Question

Why GATK and bcftools SNP calling different?

6

Entering edit mode

8.8 years ago

fernardo ▴ 180

Hi all,

I am trying to find SNP/Indel in a dataset using both "GATK" and "bcftools call". I find two big differences for generating VCF files with these tools and I appreciate your help and experience:

1- "GATK" result has higher "DP" value than "bcftools", any clue? e.g.

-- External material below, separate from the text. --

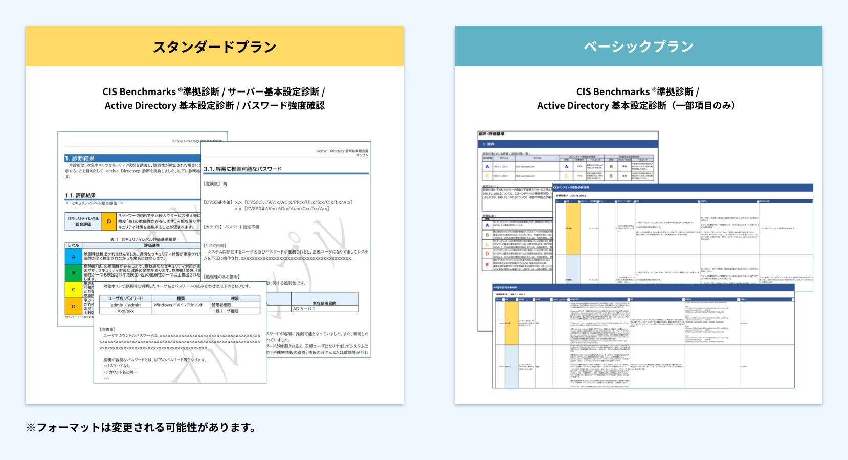 本サービスは CIS Benchmarks®※や最新のセキュリティ基準に基づき、AD がインストールされたサーバ全体を網羅的に診断する診断するプランと、ドメインコントローラーの診断のみを行うプランをご用意しています。セキュリティポリシーやアカウントまわりの基本的な設定情報の確認や、知見に基づいた独自の方法での確認を通じて、潜在的なリスクを洗い出し、AD 環境の安全性を高めるための具体的な改善案を「診断結果報告書」としてご提出します。

GATK.vcf ==> NC_000 747 . A G 4054 . AC=1;AF=1.00;AN=1;DP=113;FS=0.000;MLEAC=1;MLEAF=1.00;MQ=59.98;MQ0=0;QD=28.10;SOR=0.769 GT:AD:DP:GQ:PL 1:0,108:108:99:4084,0

bcftools.vcf ==> NC_000913.3 747 . A G 228 . DP=76;VDB=0.987864;SGB=-0.693147;MQSB=1;MQ0F=0;AC=2;AN=2;DP4=0,0,20,56;MQ=59 GT:PL 1/1:255,229,0

2- Why does GATK take much longer time(30-60 mins difference) compared to bcftools? is it normal or someoothing wrong with my usage?

Pipelines I used:

 GATK pipeline ==> java -jar ./GATK3/GenomeAnalysisTK.jar -T HaplotypeCaller -R reference.fasta -I sample.bam -stand_call_conf 30 -stand_emit_conf 10 -o GATK.vcf 

bcftools pipeline ==> samtools mpileup -uf reference.fasta sample.bam | ./bcftools/bcftools call -m -v -o bcftools.vcf

Thanks in advance

SNP next-gen GATK bcftools variant calling • 12k views

ADD COMMENT • link updated 2.6 years ago by Kevin Blighe 88k • written 8.8 years ago by fernardo ▴ 180

0

Entering edit mode

Yes, Haplotypecaller is quite slow. You could try to use a target file (in case you're not doing genome sequencing, depending on project). use -L targets.bed -ip 50 (ip: intervalpadding).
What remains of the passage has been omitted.